One of them: I have to get rid of my beloved red Lexus LC500 sports car/convertible. I just can’t get in the damn thing comfortably and move around in it. You should see me try to spirit a Tic-Tac out of the front-door pocket. As you probably know, due to supply-chain issues, this is a great time to sell a used car (and mine is barely used) and a lousy time to buy a new car.

Fortunately, we have a terrific and well-experienced sales associate at a Lexus dealership in Jacksonville. Also a cancer patient, Don conjured and hid from other sales associates an incoming fully loaded NX350 Luxury mid-size SUV, with all of the whiz-bang technical bling that I like. It’s white over black, not my first choice, but one really can’t be too choosy these days. Literally every car is sold before it’s even built. Mine was built on July 8 (my birthday) and should be delivered in about two weeks.

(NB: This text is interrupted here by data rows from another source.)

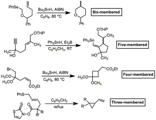 In general, radical cyclization to produce small rings is difficult. However, it is possible to trap the cyclized radical before re-opening. This process can be facilitated by fragmentation (see the three-membered case below) or by stabilization of the cyclized radical (see the four-membered case). Five- and six-membered rings are the most common sizes produced by radical cyclization.
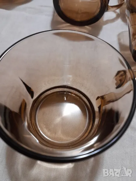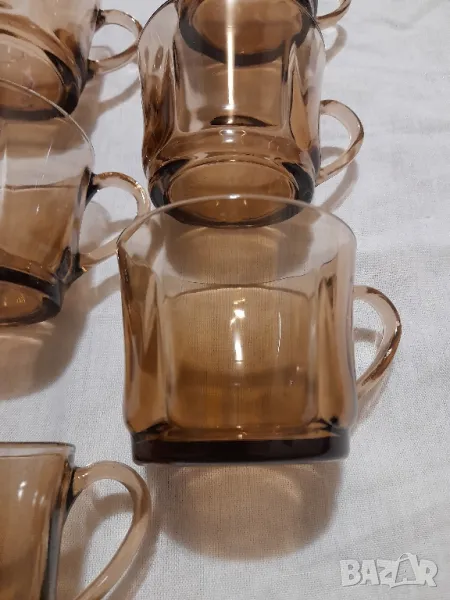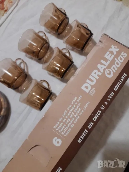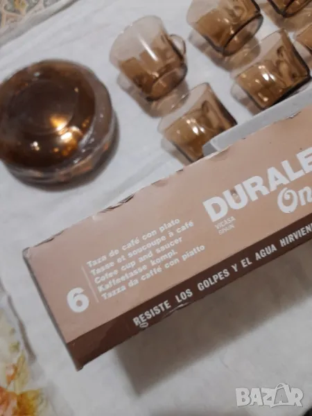 Стар сервиз за кафе-Дуралекс Испания комплект от 6 бр.чашки и чинийки.Състояние чисто нови не са използвани видно на снимките, Единствена забележка няма го капака на опаковката. Вместимост о/о 200 мл.
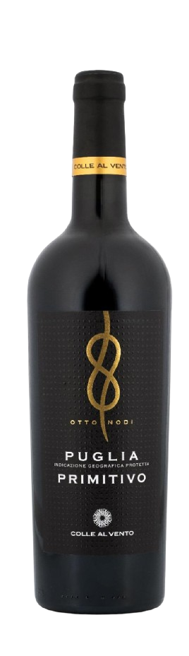 Colle Al Vento는 “바람이 부는 언덕"을 의미하고 있으며 Otto Nodi는 “8개의 매듭"을 뜻하며 라벨 전면의 디자인은 선원들이 배에서 사용하는 매듭을 의미하고 있습니다. 이는 바다로 둘러싸인 풀리아 지역을 떠올리게 합니다.

I’m actually looking forward to it. The convertible was swell but it just wasn’t much fun anymore. I guess it’s time to grow up, car-wise, and the new one should be far more appropriate. And the deal…holy bottom line, Batman. Due to a disparity in value, I end up getting a fully loaded new vehicle and a healthy check from the dealership. Hard to beat that.

The old.
The new.

Meanwhile, because I’m an idiot, I’ve taken on another ambitious ghost-writing assignment, despite recent vows not to do so. It does keep my brain and fingers relatively sharp, so that’s good. But it also weighs on my mind a bit, which probably is not good. Overall, though, it’s interesting and challenging, and I think it was a reasonably wise thing to do.

So, that’s the update from Prostate Cancer Central. Steady, low PSA. No testosterone. Out with the fancy sports car. In with the new SUV. Same terrific family and friends.

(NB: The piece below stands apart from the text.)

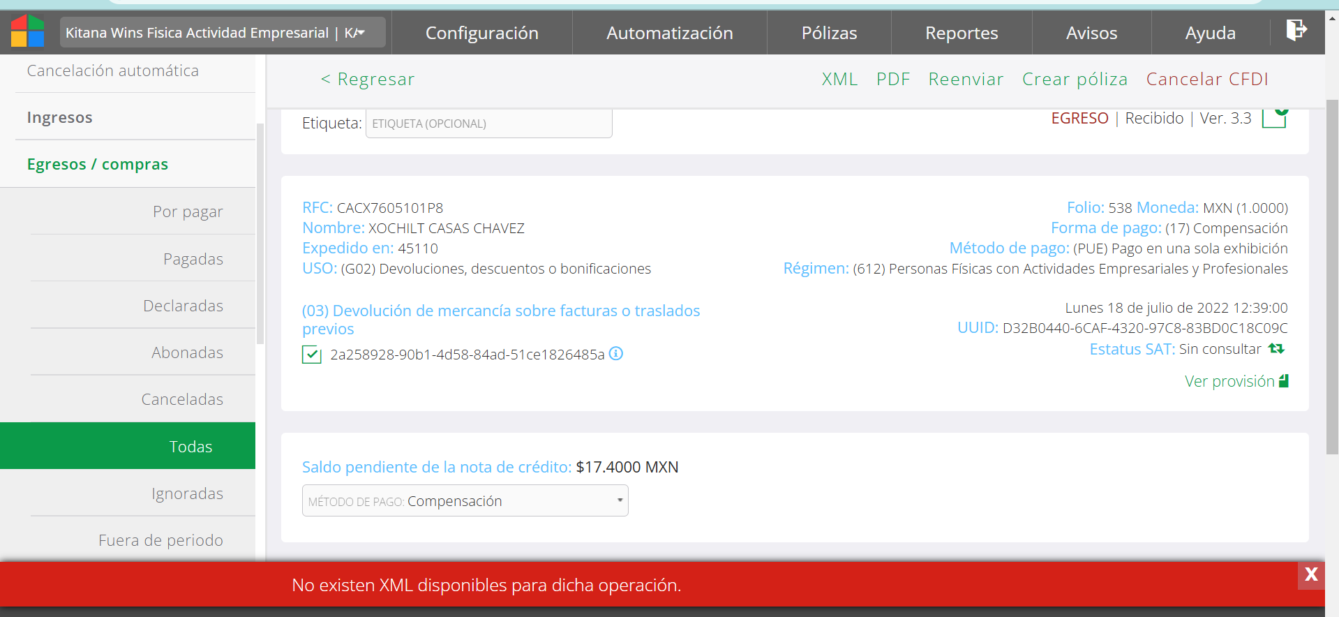 Existen dos lógicas para mostrar compensación documentos a compensar en una nota de crédito. La más común es mostrar él o los documentos relacionados en el XML, y le llamaremos la lógica de relación. Anterior a que esta información apareciera en el XML (versión 3.3 de facturación) la lógica es mostrar cualquier factura del emisor de la nota (RFC) que cuenta con un saldo igual o mayor al total de la nota de crédito, la llamaremos lógica previa a relación. Cuándo la alerta es que no existen XML disponibles para compensar es que no cumple los criterios de ninguna de ambas lógicas.

Oob-la-dee, oob-la-dah. Life goes on.

15 thoughts on “Stable, mostly

  1. Congrats on the score–both prostate wise and car wise. Thinking of you, as always. (Another writing assignment–seriously??? Guess it’ll keep you off the streets. Lotsa love from CA to FL

    Liked by 1 person

  2. Marty, Happy Belated Birthday! Hugs to both you and your lovely wife! We, too, are continuing our battle here in Northern Cal. Stress is affecting me as caregiver but I would not wish to be anywhere else but beside my warrior. Your news makes and keeps me happy and hopeful. God bless you. BTW, my hubby’s situation is very similar to yours, including the PSA. His is lingering around .46. His oncologist says he has “plateaued”. Why does the theme song from the movie “Jaws” come into my mind? A little humor is always good, right? Prayers and best wishes to you! Gloria and Nacho

    Liked by 1 person

    • Hi, Gloria. Thanks for the good wishes. Yes, I guess plateauing is the proper term, and a little scary because I guess we all know in what direction it eventually will…stop plateauing. Still, we need to appreciate every day that we reside on the plateau. I hear you regarding the stress, but we can’t dwell on what might come in the future. Really no point in doing that. We gotta take it, as much of a cliche as it is, one day at a time. Best to you and Nacho. With a name like that, he must have had a really tough time in middle school. 🫣😇


  3. YOu continue to fill me with awe….your grace, your humor and your determination to LIVE until you can’t. I aspire to be as gracious as you are Marty. I am glad to call you friend and colleague!

    Liked by 1 person

  4. Hi Marty,

    Thank you for updating your fans. In general, I am very glad to read this report.

    I’ll pray that the treatments continue to work and hope that maybe some physical therapy might help with the muscle challenges. I’ll bet you already have someone like that onboard.

    My very best to you and your family.



    Please excuse the typos, sent from the iPhone of Colin Hackley.

    Liked by 1 person

  5. Marty. Your attitude is wonderful and will take you far. We belong to a Miata club and membership is dwindling because drivers can’t easily get in their card anymore. We, too, have been fighting the big C and are happy for advances in treatment. After 6 months of chemo all is at bay got my better half except for those pesky lymph nodes seeking to lodge somewhere else. Making the most of life Is the best medicine. I’ll pray an ecumenical prayer for you.